My guide also changed to the new compressed format. I was watching ER delayed when the system froze (11:00pm) during timer transfers. It did a spontaneous reboot. After the normal 4 minutes of validation and satellite acquisition, I checked the guide to find out it had switched to the smaller format. The software version is still L109 and the machine still operates with all of the features of that update. I rebooted again, did a nv-ram reset, factory reset but the guide stays the same.

Has anyone else done a hard reset in the last day and had their guide remain as the standard guide?

My theory is that the 721 downloads some guide presentation and layout codes during system resets and Dish put up a new layout for the 721 on Wednesday but it only shows up if you do a reset. Just a theory. Any one else want to try a reset on their machine to validate this?


----------



## UpOnTheMountain (Mar 24, 2002)

I tried the front panel reset (held down the power button for 10 seconds to force a reboot).
This did not appear to change my guide.
Here is a vidcap :

hmmm ... how do you insert an image? I tried an attachment but no joy.

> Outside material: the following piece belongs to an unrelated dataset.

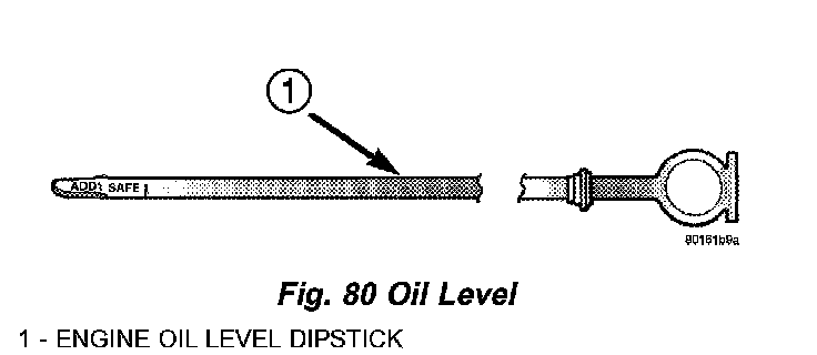 Checking the oil while the vehicle is on level ground will improve the accuracy of the oil level reading. Remove dipstick and observe oil level. Add oil only when the level is at or below the ADD mark (Fig. 80).

Anyways, I tried with transparent guide and without, but no obvious change after the reset.

*note that i did not go so far as a nvr reset


----------



## bsobel (Dec 24, 2002)

Well, I got a response from Dish. They emailed me and said I could a) RMA the unit or b) wait for 110 which would resovle the problem (which makes sense, presumably it will have a new image even for files which haven't changed).

Since I don't want to lose what I have on the device, I'm going to wait.

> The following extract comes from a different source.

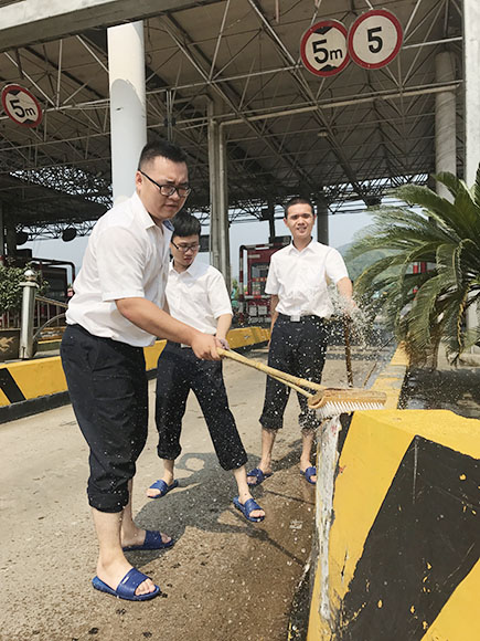 全體人員帶上掃把、抹布、水桶等工具,分成兩小隊,分別走向收費區(qū)域和辦公大樓。他們有的拿掃把清除車道上司乘人員順手扔下的果皮紙屑,有的用抹布擦亭外的設(shè)備設(shè)施,有的掃草叢中金黃色的落葉,做到不留衛(wèi)生死角、盲區(qū),讓炎熱的夏天出現(xiàn)了一道熱火朝天的勞動景象。盡管這段時間連續(xù)高溫,酷暑難耐,但在烈日下汗流浹背的他們,依然埋頭于個人的打掃工作。

Scott, are we still hoping it's coming out this month?

Bill


----------



## bsobel (Dec 24, 2002)

Hi John,

Just noticed your post, Dish seems to be telling me this is not intentional. I have no evidence to back this up other than being a developer myself, what I'm suspecting is; Dish was using a downloaded layout file and something 'bad' occured to it. The software is then defaulting to a built in one, which is likely not a 'new' layout but the original layout that (thankfully) Dish never actually shipped enabled. My theory is based on a) the guide definately changed and b) the 'new' guide has less functionality than the old one.

Bill


----------



## Bob Haller (Mar 24, 2002)

Arent bugs interesting? A least this one allows you t continue to use your box. I am saving how to erase the HD info in case my goofy wife causes endless reboots again


----------



## JohnB (Jul 12, 2002)

Well I felt brave and I had caught up on most of the shows on the 721 so I took a stab at the hard drive reload procedure listed above and presto, the standard guide is now back again. Of course it wiped out all timers and shows but it is nice to have the standard guide back.

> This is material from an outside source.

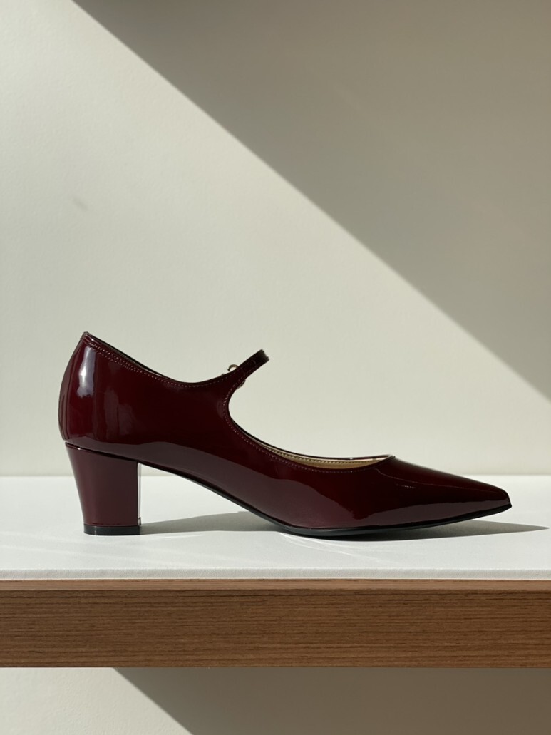 Burgundy Maryjane - Pointed Toe (1,3,5,6,8,9cm)

Good luck on your restoration Bill. Hopefully L110 will be out soon and solve your problem.

John


----------



## Bob Haller (Mar 24, 2002)

Will removing the cover cause a warranty problem? I guess not since our home uis pretty dusty and I pulled the cobvers on most of the receivers and blow the dust out from time to time. Have done this for my computers too, I guess static attracts dust and the E boxes are mostly open on the top.


----------



## sjhill01 (Oct 13, 2002)

From what I've read about the "how to make your 721 a webserver" stuff, even unplugging the hard drive cable isn't violating the warrant - only removing it does, so you should be safe..


----------



## l.i.t.e. (Mar 18, 2003)

hi guys,

id like to know if you figure this out, i often use theater wide mode on my tv and the regular guide is cut off at the bottom and top just a bit, looks like your new guide will fit just right...i know your trying to get rid of it, but looks like it would work great for me...LOL

thanks


----------



## bsobel (Dec 24, 2002)

No, dish said 1.10 would fix it. Bear in mind that basic features such as the red 'this item has a timer' indicator don't exist on 'this' version of the guide. That and the font is very unreadable. I also had to move the screen position as far down and right as I could to get it on the screen, luckily the other screens still are fine.

Bill


----------



## Scott Greczkowski (Mar 21, 2002)

The reason 1.10 will fix it is because 1.10 will wipe out your existing software on the unit. 

Think of it as spring cleaning.


----------



## bsobel (Dec 24, 2002)

Thats what I expected it to do. More importantly, WHEN  Any update, we still looking at this month?


----------